網路單晶片是一種系統晶片的架構，比起使用匯流排的架構更能處理龐大的資料跟傳輸量。任務對應在網路單晶片設計中是重要的一環，對應結果會對處理器之間的溝通成本造成影響。對應任務到網格結構上是一個被證明為NP-hard問題的constrained quadratic assignment problem例子。本論文提出一個對應任務到網格拓樸NoC結構上的多目標基因演算法，稱為Genetic Mapping Algorithm(GMA)。我們將task graph編碼為基因後，以對應於網格上的任務間的幾何關係作為交配運算子。從執行效率跟能量效率兩個層面去考量基因適應性，引用Pareto efficiency的概念挑選出滿足大多數情境需求的基因。最後我們實作演算法，用TGFF產生的隨機benchmark和多媒體影音服務做為測試資料。在將包含大量核心數的random task graph放置於大規模網格基底NoC的情況，GMA能找到比NMAP品質更好的解。

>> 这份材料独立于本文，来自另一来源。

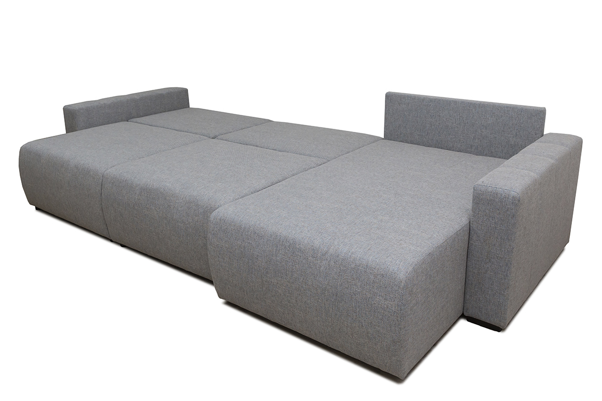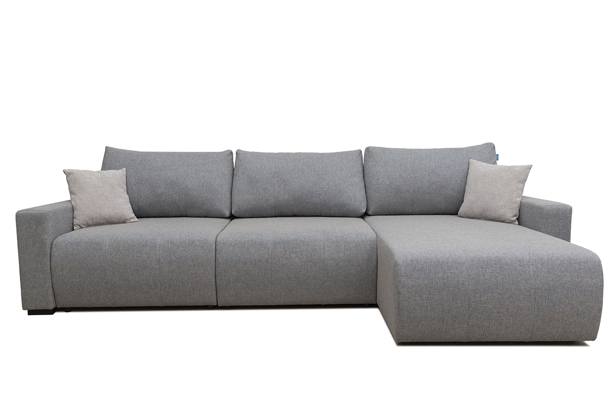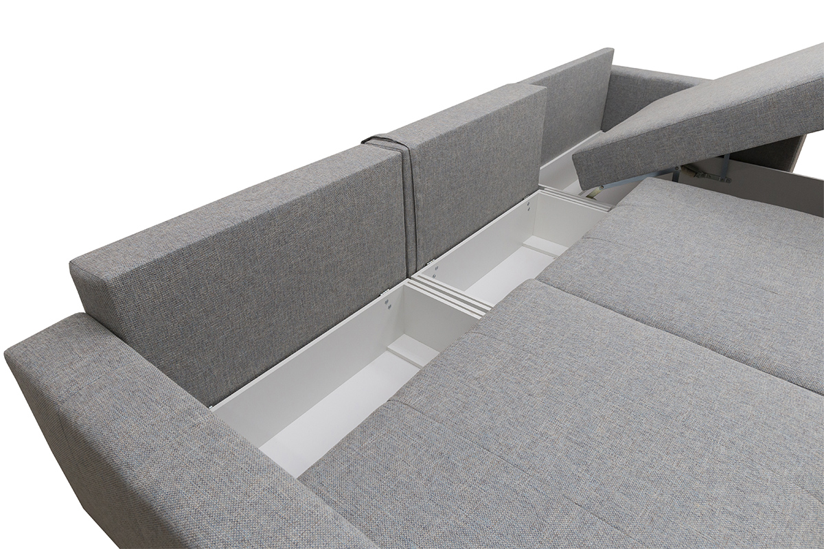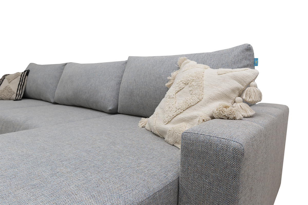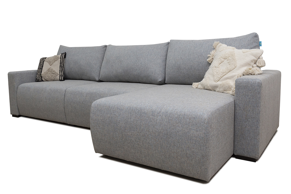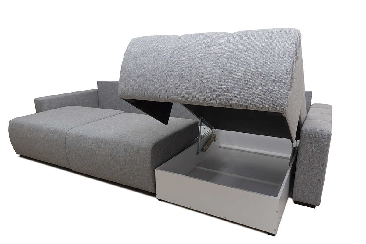 Диван-кровать угловой Роми состоит из двух малых секций, угловой секции с подъемным механизмом, двух боковых секций, 3-х больших и двух маленьких декоративных подушек.
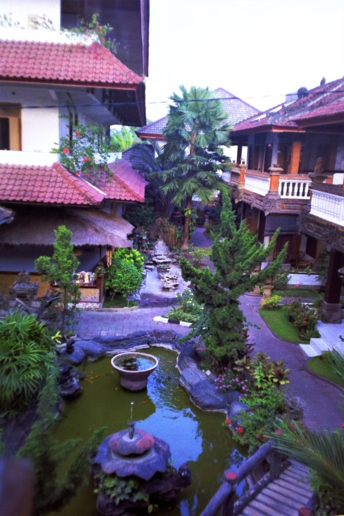 After a night of little sleep, it was back to travelling again and first it was a taxi to the airport. It was a relief to leave Bangkok. In the flight to Bangkok the commercial said that it was the city of smiles, but we experienced few or none who even remotely tried to be nice or polite. Bangkok was one of the most polluted and noisy cities I have ever been to! Our flight took us via Hong Kong, I had caught some sort of stomach bug in Bangkok, so the flight was spent mostly in the toilet. We had the gayest flight crew ever! It was an all-male crew, all must have been ex musical performers or something, the entertainment level was hilarious. “Coffee? Tea? Me?” was served with the beverages – it was like a non-drag drag comedy show all the way to Hong Kong. The flight path into Hong Kong was bonkers! I felt like the plane was going to land into a block of flats! We could see the people who lived with the flight path literally in their living rooms and what they had for dinner! And when we touched down it felt like we were going to drive into the sea! Bonkers! After a 1 ½ hours stop, we took off in between the skyscrapers, I wish we had a longer stopover here, could be fun to see Hong Kong. Our musical air steward crew was with us all the way to our next stop in Singapore. It was a bit unnerving when the cabin started to smell like something burning but the captain told us that this was from the forest fires that currently was still raging out of control in Sumatra. When we landed in Singapore it was almost zero visibility, and even though it was mid-day it was almost dark, the sun was shrouded by the thick smoke that hung in the air. No very nice at all. From Singapore to Denpasar in Bali the flight was filled with a lot of young people like us. We landed in Bali quite late and booked a hotel room at the airport. The hotel was ok, nothing more but still expensive. Fell asleep immediately after hitting the pillow after almost 24 hrs travel nonstop.
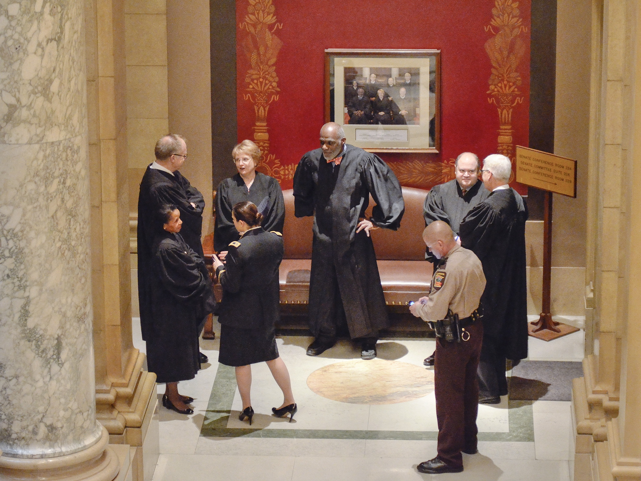 Members of the Minnesota Supreme Court await their entry into the House Chamber ahead of then-Gov. Mark Dayton's address in 2014. (House Photography file photo)If his State of the State address had a thesis statement, it would be: “The best that this body can do is to equalize as nearly as may be the burden of taxation and so adjust it that its weight will not fall too heavily upon those unable to bear it, and distribute the responsibilities in accordance with the privileges enjoyed under our government.”
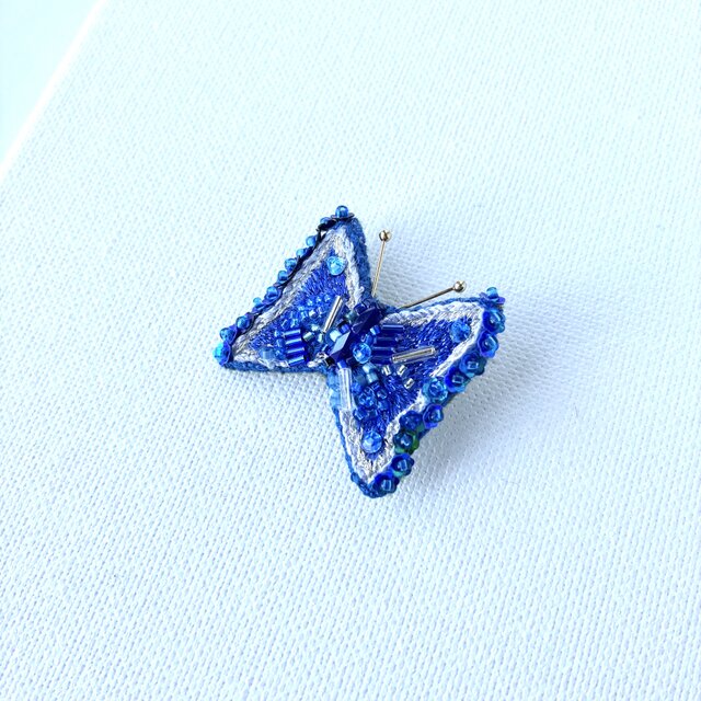 青くうつくしい蝶の刺繍ブローチです。
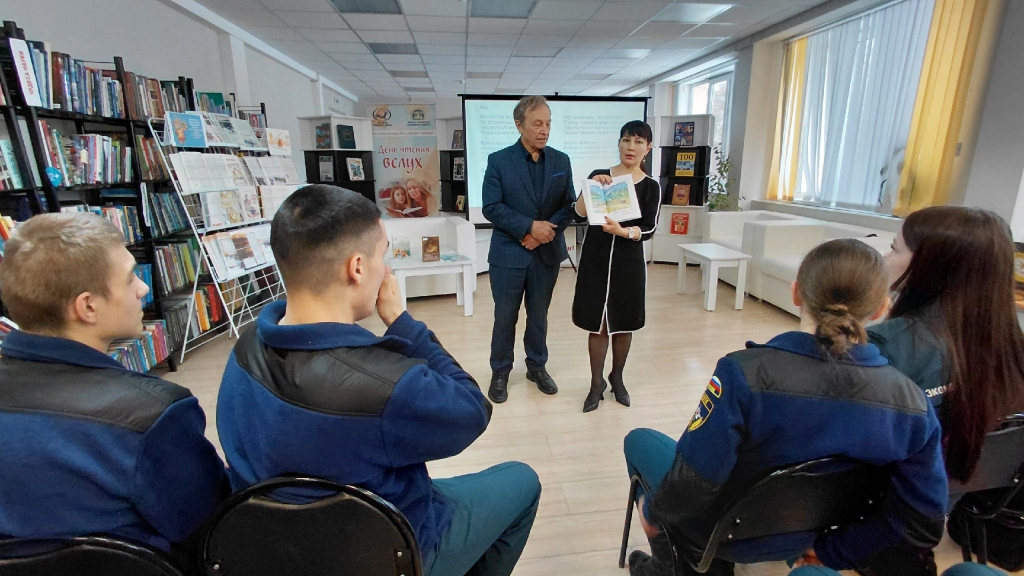 Ведущая встречи – заведующий отделом краеведческой и национальной литературы Эвелина Малеева ознакомила молодых людей с многогранной личностью: не только признанным литератором, но и кандидатом технических наук, мастером спорта, заслуженным путешественником Российской Федерации и чемпионом мира по спортивному туризму.
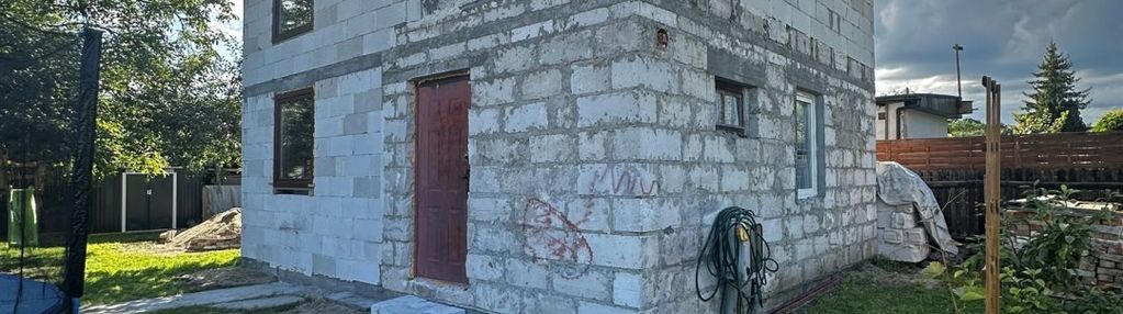 Na działce znajduje się murowany domek po rozpoczętej rozbudowie w 2025 roku:
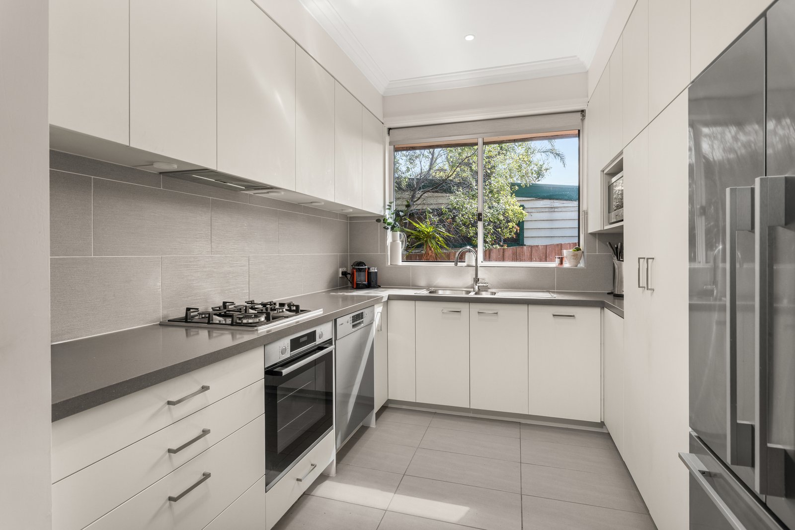 With tall ceilings overhead and hardwood floor underfoot, the home boasts a lounge and dining room that’s flooded with north east light. Wrapped in its own easily managed private garden that’s zoned with a paved patio for care-free entertaining in any weather and served by a tasteful kitchen with stone topped benches, gas cooking, dishwasher and terrific full height storage.
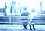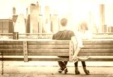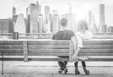 couple relaxing on New york bench in front of the skyline at sun
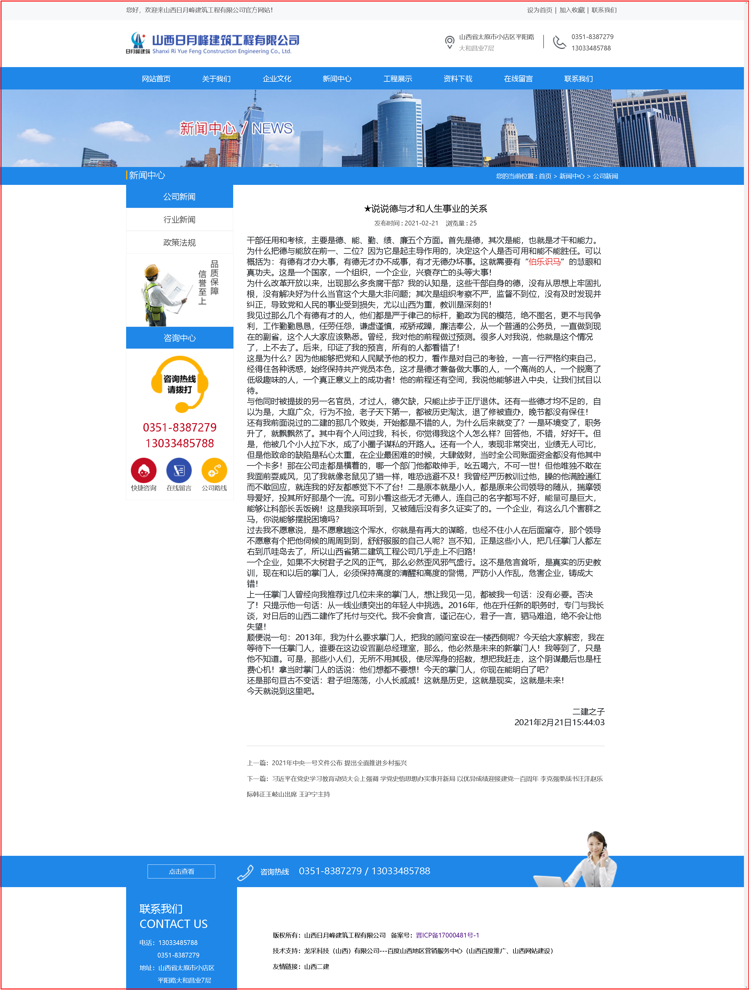 你注意到了沒(méi)有?華恒遠(yuǎn)的網(wǎng)站與過(guò)去山西二建的網(wǎng)站外觀是不是如出一爐?是的,完全一樣!因?yàn)樯轿鞫ㄊ俏业?,我是她忠誠(chéng)的兒子!當(dāng)然,華恒遠(yuǎn)就是山西二建的化身和繼續(xù)——大道和合大德通天!一件事情百年情節(jié)!
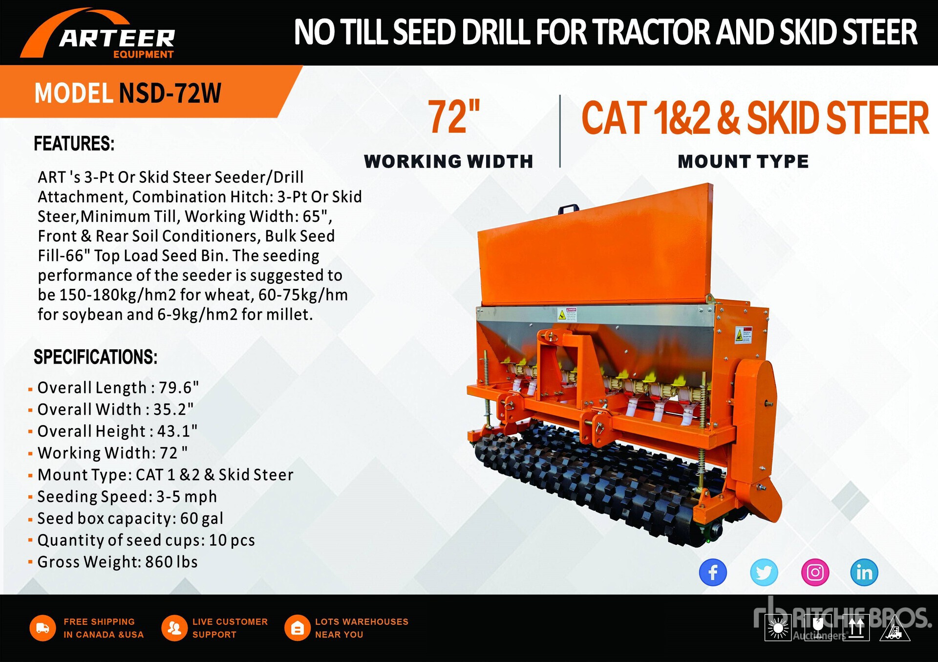 2025 ARTEER NSD-72W 72 in 3-Point & スキッドステア シーダー (Unused)
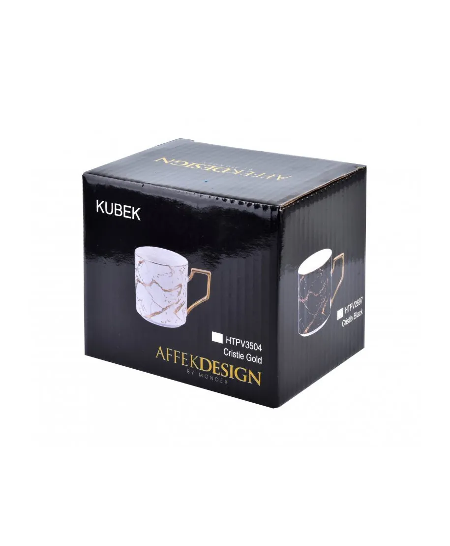 Porcelanowy kubek marki AFFEKDESIGN z kolekcjinCRISTIE BLACK. Unikatowy design sprawdzi się w każdym eleganckim wnętrzu.nDodatkowo złoty wzór i zdobione ucho sprawi, iż jest to niepowtarzalnynprezent.nNie należy stosować w kuchence mikrofalowej i zmywarce.nnPojemność: 360mlnWymiary kubkanwysokość:9.0cmnśrednica:8.5cmnśrednica z uchem:12cmnn

Mesh-based Network-on-chip (NoC) belongs to a certain System-on-Chip architecture, which can handle a huge amount of data and transmission compared to the architecture that uses bus-based architecture. In the design of NoC, task mapping is an important step, and the corresponding result will affect the communication cost between processors. It can be said that mapping a task to mesh architecture is a constrained quadratic assignment problem sample that is proven to be an NP-hard issue. This paper therefore proposes a multi-object genetic algorithm from mapping task to mesh topology NoC structure, which can be called Genetic Mapping Algorithm (GMA). After the author encodes the geometric relation of tasks into genes, the geometric relationship corresponding to the tasks on the mesh is used as the crossover operator. This study considers gene fitness from two aspects of execution efficiency and energy efficiency, and uses Pareto efficiency to select genes that meet the needs of most situations. Finally, the author implemented the algorithm, using the random benchmark generated by TGFF as well as multimedia audio-visual services as test data. Then, by placing a random task graph containing a large number of cores in a large-scale mesh-based NoC, GMA can find a better quality solution than NMAP.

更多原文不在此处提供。